Cela lui arrache la gorge à dire, car il déteste cette impression d'avoir été utilisé, et d'avoir vu son nom ainsi souillé. Il continue ensuite, d'une voix sèche et emplie d'une certaine colère sourde, ne s'arrêtant que pour commander un apéritif alcoolisé dont il sent qu'il aura besoin.
-"Je te promet que je n'étais pas au courant, et que je n'ai jamais participé à cela -ni mon ancien maître d'ailleurs, du moins j'en doute fortement-. J'ai demandé à ce que ces travaux soient purement et simplement effacés des Archives, car ils ne m'appartiennent pas. Mais je ne sais pas si ils accepteront ma demande, c'est difficile à assimiler pour eux comme cas de figure, et je ne suis même pas sur qu'ils me croient."
Nouveau silence et long soupir. Il se sent trahi, tant par ce qu'il s'est passé que par et pour Saehlia. Finalement, tous deux avaient raison, sans le savoir. Almassar n'a rien fait, Saehlia s'est vue flouée de ses chances. La tension est palpable dans le corps du brun, dans son regard qui pourrait produire des étincelles alors qu'il finit par siffler.
-"Je suis donc désolé pour tout cela.
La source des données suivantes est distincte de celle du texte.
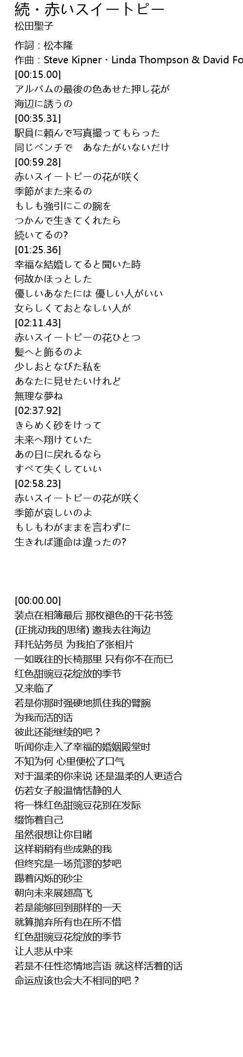 | [03:15.51] | 红色甜豌豆花绽放的季节 |

J'ai toujours cru que tu avais cherchée des excuses pour rompre sans voir la vérité en face... Mais finalement, depuis le début, tout comme moi tu avais raison... On s'est tous les deux fait avoir dans cette histoire, et je ne sais même pas par qui. mais je compte bien le découvrir."
Oh non, l'enchanteur ne va clairement pas laisser une telle injure sur son nom impunie. A l'idée même de pouvoir retrouver celui qui leur a infligé une si cruelle blague, ses doigts se posent par réflexe sur sa bague, avant qu'il ne se reprenne et offre un sourire poli à la serveuse qui revient avec leurs boissons alcoolisées avant de les laisser échanger un peu, et regarder la carte.
Almassar est celui qui prend la parole en premier et Saehlia le laisse faire sans rien dire, se contentant de commander quand la serveuse revient. Elle aimerait répondre quelque chose, prendre son habituel air mauvais, mais elle ne fait rien de cela, se contentant d’écouter ce qu’il a à exprimer. Au moins il reconnait l’existence de la publication de ses travaux. La suite étonne toutefois légèrement la noble qui ne pensait jamais entendre ses mots de la part de son ancien amant. « Je suis désolé » ces mots suffisent à faire un léger choc à la jeune femme qui a bien du mal de se reprendre.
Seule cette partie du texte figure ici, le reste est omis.